• **DATASET EXTRACT**
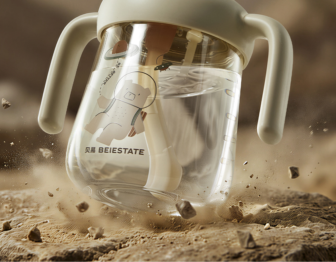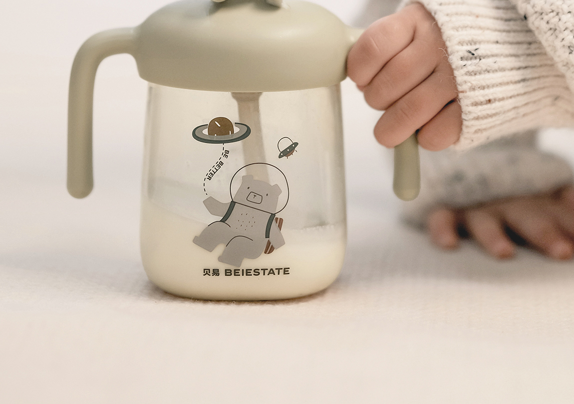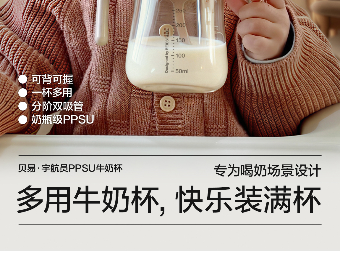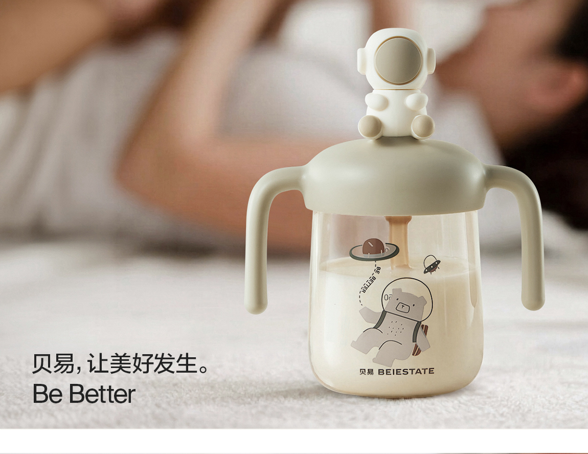 【新品上市】贝易宇航员牛奶杯1-3岁婴儿童宝宝喝水喝奶双吸管直饮【会员下单还送:奶瓶清洗剂。到货可联系客服参与评论反20红包哦】
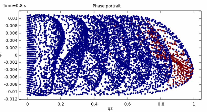 I am using the particle tracer module to analyze the axial mixing performance of a static mixer. Particles are being injected at the inlet at t=0, 0.1, 0.2, ... 0.8. During post processing results, I am using a 2d Plot group of a phase portrait along a longitudinal cross section of the static mixer (as shown in the attached image). X-Y plane is the cross sectional plane, Z is the axial.
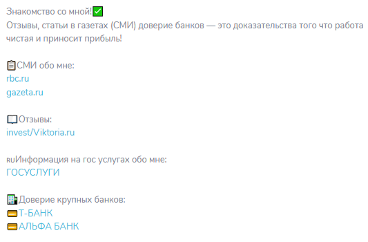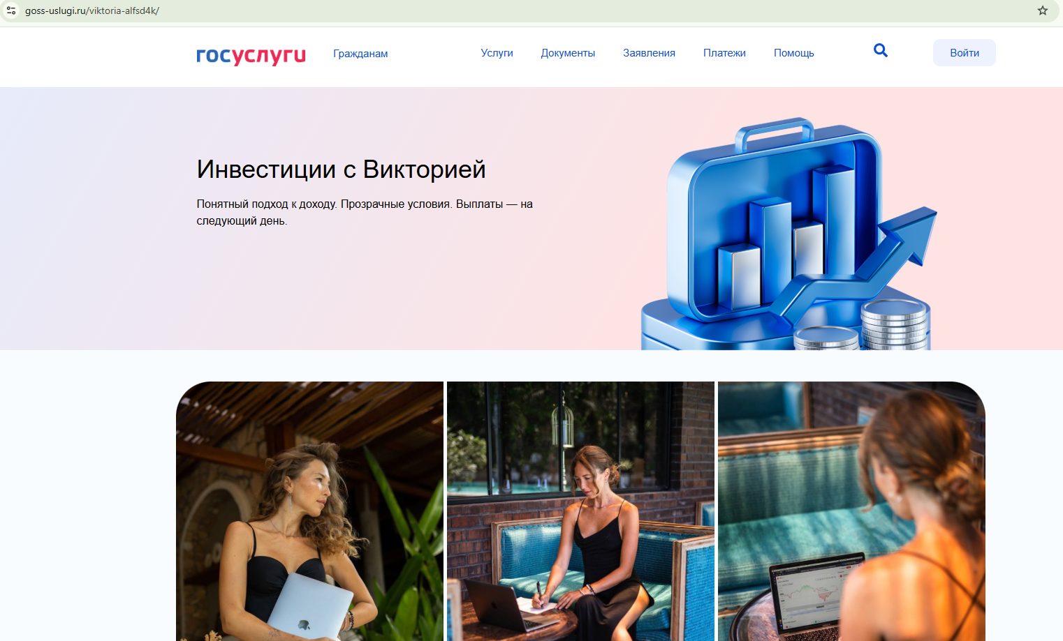 Ссылка на госуслуги ведет на goss uslugi ru. У настоящего сервиса другой домен – gosuslugi ru. Госуслуги вообще не создают страницы для трейдеров. Очередной фейк для создания положительного впечатления. Упоминается доверие Т-Банка и Альфа Банка. Никаких официальных бумаг нет. Просто названия без подтверждений.

• **WHAT YOU WILL DO**
Print the material precisely as given, dropping any images it holds.

• **EXERCISE OUTPUT**
 【新品上市】贝易宇航员牛奶杯1-3岁婴儿童宝宝喝水喝奶双吸管直饮【会员下单还送:奶瓶清洗剂。到货可联系客服参与评论反20红包哦】
 I am using the particle tracer module to analyze the axial mixing performance of a static mixer. Particles are being injected at the inlet at t=0, 0.1, 0.2, ... 0.8. During post processing results, I am using a 2d Plot group of a phase portrait along a longitudinal cross section of the static mixer (as shown in the attached image). X-Y plane is the cross sectional plane, Z is the axial.
 Ссылка на госуслуги ведет на goss uslugi ru. У настоящего сервиса другой домен – gosuslugi ru. Госуслуги вообще не создают страницы для трейдеров. Очередной фейк для создания положительного впечатления. Упоминается доверие Т-Банка и Альфа Банка. Никаких официальных бумаг нет. Просто названия без подтверждений.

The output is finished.